Exactly as written, restate the material below from its first line through the line containing "使君子 Jongkind)是", and stop there.

# # # # # # #

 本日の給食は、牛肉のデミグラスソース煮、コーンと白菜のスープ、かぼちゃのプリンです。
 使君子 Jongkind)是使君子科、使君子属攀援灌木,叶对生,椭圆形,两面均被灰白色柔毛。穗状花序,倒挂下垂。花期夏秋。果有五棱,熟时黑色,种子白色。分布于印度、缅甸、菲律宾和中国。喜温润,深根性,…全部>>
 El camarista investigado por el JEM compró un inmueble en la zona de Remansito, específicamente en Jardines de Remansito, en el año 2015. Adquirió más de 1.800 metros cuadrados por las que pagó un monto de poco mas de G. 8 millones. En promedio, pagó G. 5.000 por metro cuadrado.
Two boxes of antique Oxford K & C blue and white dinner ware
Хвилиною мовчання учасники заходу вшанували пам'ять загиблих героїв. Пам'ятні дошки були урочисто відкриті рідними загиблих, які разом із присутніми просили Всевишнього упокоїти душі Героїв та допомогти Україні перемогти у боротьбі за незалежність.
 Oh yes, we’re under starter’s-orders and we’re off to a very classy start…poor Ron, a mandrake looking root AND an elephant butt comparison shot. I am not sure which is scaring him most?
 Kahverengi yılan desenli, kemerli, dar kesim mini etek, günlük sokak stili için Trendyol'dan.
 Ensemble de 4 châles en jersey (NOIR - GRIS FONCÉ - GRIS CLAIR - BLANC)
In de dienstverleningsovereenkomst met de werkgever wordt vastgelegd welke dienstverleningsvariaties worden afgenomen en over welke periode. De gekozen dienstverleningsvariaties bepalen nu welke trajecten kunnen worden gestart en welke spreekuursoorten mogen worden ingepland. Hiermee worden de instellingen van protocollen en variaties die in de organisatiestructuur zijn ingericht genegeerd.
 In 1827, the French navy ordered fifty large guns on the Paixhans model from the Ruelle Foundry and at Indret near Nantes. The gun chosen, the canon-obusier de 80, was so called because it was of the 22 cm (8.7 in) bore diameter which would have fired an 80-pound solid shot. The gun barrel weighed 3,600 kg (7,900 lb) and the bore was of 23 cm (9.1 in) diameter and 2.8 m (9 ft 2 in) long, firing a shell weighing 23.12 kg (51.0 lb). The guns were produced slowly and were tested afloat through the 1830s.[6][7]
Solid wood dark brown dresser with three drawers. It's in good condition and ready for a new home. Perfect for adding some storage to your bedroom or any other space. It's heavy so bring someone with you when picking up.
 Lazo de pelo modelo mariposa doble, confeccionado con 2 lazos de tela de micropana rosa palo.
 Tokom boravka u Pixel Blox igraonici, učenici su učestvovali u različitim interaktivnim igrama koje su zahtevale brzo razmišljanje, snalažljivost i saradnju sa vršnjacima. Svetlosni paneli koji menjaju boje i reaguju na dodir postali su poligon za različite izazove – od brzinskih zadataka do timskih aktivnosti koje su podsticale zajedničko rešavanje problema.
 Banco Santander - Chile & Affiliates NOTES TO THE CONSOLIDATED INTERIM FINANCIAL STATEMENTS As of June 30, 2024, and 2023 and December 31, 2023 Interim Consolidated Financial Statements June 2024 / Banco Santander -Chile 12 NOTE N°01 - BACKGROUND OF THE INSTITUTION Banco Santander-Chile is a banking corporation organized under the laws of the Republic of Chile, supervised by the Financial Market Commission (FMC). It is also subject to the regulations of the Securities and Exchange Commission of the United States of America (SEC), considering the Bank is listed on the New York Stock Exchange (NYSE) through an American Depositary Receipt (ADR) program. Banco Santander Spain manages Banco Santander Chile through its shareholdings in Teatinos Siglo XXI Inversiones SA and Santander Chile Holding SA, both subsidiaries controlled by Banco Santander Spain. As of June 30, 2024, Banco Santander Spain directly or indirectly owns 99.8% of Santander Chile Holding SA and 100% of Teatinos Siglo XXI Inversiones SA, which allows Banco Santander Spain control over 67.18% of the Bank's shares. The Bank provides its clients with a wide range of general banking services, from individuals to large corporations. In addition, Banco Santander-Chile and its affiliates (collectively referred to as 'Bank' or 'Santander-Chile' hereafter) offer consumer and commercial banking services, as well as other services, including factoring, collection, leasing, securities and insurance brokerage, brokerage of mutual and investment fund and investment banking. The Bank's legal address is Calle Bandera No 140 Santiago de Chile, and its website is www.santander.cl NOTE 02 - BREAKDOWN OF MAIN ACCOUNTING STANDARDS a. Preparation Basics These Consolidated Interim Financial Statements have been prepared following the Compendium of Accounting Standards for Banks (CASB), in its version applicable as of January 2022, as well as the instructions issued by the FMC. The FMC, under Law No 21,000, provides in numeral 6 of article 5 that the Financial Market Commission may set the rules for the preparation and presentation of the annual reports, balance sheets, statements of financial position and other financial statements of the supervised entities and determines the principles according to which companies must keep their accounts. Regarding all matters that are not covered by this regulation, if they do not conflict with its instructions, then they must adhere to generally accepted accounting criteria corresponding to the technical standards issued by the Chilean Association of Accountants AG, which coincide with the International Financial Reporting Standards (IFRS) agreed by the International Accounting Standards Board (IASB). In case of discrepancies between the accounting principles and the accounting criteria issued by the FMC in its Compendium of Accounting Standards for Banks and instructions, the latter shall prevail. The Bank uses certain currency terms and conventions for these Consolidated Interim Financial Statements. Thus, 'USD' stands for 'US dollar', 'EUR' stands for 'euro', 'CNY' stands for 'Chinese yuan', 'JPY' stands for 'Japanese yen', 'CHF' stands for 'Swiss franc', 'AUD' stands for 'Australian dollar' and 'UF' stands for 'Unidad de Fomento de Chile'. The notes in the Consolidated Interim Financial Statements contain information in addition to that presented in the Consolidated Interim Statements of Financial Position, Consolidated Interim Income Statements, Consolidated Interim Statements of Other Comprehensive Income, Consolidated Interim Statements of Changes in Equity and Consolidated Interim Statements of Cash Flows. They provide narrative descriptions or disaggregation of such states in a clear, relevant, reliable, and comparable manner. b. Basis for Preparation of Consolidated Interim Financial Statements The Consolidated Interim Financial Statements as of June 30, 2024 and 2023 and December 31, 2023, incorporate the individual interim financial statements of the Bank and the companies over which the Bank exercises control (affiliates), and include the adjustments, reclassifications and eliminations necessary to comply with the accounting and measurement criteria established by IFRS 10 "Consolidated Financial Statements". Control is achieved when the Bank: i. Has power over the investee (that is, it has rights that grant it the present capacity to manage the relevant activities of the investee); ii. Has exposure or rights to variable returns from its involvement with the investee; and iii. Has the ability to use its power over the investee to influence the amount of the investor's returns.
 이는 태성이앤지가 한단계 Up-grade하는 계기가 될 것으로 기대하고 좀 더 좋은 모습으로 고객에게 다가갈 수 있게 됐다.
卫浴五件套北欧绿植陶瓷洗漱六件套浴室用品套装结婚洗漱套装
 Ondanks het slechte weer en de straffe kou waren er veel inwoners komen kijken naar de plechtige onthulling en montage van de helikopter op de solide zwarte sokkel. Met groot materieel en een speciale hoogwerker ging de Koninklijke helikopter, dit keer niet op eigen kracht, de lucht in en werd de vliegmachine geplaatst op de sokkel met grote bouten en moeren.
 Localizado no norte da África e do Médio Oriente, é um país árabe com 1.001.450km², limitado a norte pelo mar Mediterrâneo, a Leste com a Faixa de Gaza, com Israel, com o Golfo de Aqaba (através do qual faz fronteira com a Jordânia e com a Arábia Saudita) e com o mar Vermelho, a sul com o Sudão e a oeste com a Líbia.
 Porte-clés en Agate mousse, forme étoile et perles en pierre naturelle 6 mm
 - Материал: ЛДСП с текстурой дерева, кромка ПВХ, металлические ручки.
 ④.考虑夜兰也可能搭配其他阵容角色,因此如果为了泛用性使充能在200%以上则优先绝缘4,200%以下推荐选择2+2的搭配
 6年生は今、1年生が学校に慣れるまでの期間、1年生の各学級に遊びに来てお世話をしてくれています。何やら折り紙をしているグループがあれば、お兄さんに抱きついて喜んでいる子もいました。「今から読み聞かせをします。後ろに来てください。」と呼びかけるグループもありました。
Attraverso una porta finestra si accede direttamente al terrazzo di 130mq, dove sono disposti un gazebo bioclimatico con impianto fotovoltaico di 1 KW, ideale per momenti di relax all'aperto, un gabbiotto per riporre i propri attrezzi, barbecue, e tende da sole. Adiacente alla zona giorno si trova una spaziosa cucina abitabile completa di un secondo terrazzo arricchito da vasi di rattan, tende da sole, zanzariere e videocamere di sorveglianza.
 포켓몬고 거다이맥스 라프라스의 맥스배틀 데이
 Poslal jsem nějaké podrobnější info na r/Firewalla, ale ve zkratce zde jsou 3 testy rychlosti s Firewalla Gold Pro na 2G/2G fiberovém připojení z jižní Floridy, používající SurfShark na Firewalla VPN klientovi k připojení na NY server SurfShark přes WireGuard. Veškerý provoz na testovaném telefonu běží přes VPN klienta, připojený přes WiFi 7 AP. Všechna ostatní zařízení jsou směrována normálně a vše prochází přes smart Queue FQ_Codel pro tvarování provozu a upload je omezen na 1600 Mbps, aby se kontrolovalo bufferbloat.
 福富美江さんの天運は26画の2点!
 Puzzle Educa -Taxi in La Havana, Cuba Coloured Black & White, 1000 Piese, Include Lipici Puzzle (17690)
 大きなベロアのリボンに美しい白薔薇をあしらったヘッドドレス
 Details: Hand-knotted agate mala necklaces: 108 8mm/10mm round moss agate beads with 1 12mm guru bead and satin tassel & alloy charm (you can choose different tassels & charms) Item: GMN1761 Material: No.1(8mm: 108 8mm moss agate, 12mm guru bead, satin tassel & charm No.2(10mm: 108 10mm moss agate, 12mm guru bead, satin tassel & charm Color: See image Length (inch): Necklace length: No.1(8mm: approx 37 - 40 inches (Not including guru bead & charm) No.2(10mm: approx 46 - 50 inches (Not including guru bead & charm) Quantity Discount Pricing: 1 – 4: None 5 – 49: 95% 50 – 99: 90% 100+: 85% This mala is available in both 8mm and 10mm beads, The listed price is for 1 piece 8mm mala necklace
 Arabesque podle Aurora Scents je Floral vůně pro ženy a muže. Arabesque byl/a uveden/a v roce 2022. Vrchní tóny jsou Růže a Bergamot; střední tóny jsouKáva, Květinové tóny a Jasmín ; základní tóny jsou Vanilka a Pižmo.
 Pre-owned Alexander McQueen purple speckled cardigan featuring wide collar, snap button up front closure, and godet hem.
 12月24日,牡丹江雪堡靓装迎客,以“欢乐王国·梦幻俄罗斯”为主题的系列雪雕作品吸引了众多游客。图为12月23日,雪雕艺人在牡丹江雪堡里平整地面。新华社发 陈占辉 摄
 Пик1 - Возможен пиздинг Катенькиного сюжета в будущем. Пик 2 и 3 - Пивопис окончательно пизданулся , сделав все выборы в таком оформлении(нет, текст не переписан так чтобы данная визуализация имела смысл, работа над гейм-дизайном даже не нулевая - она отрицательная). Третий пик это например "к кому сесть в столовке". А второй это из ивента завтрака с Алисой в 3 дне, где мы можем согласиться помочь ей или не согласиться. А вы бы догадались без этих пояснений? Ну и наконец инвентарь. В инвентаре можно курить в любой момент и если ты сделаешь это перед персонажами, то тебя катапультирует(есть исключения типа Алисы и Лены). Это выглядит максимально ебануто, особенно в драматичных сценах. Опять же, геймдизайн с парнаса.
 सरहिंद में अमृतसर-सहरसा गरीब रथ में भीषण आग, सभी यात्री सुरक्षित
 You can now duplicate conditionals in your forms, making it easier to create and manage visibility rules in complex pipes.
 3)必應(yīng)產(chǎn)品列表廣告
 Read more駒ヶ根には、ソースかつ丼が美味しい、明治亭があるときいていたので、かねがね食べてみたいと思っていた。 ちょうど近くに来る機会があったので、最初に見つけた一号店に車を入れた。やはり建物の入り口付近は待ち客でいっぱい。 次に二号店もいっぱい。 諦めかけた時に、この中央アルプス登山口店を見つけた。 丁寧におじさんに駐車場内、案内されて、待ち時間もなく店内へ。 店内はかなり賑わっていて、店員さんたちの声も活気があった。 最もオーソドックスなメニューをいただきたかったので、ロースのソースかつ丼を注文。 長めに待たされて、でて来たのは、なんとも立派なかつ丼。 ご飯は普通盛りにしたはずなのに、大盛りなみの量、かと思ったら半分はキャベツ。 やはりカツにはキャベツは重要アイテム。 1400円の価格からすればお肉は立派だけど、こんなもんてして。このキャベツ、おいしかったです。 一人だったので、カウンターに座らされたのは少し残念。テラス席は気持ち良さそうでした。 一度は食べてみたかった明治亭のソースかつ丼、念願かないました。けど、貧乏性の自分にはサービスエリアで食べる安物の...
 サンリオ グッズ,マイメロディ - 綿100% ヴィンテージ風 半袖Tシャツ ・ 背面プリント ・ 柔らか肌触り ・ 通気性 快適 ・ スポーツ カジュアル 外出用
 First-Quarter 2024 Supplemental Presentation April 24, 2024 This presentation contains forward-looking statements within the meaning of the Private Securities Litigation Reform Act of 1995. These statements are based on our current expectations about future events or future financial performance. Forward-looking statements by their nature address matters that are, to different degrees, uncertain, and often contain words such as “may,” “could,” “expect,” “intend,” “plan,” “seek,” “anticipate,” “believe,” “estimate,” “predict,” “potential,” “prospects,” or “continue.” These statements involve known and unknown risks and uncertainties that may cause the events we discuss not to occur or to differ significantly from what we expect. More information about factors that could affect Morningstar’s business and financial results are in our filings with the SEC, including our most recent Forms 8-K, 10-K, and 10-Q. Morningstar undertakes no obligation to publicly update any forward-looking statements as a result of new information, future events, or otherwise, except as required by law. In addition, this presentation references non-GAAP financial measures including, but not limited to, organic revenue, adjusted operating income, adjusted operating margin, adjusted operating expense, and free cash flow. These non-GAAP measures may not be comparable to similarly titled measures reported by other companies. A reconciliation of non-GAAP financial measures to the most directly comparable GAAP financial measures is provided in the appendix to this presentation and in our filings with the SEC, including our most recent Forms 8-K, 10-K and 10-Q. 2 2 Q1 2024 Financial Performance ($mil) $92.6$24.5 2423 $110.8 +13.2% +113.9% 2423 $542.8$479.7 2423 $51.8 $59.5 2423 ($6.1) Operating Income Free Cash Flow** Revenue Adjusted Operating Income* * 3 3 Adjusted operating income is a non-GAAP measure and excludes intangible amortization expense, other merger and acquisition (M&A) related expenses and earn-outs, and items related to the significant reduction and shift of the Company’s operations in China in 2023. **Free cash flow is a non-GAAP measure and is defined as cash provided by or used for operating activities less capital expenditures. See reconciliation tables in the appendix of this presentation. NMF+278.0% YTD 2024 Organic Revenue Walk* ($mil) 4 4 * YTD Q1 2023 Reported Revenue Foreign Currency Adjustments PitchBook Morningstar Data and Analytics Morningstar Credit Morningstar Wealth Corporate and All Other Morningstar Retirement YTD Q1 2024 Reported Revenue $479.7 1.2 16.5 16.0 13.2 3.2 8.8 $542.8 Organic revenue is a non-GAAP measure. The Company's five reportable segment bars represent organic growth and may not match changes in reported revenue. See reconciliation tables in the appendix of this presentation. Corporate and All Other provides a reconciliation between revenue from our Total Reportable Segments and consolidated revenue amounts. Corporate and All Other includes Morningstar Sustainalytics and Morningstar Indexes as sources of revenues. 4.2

# # # # # # #

• **ANSWER SPACE**:
 本日の給食は、牛肉のデミグラスソース煮、コーンと白菜のスープ、かぼちゃのプリンです。
 使君子 Jongkind)是使君子科、使君子属攀援灌木,叶对生,椭圆形,两面均被灰白色柔毛。穗状花序,倒挂下垂。花期夏秋。果有五棱,熟时黑色,种子白色。分布于印度、缅甸、菲律宾和中国。喜温润,深根性,…全部>>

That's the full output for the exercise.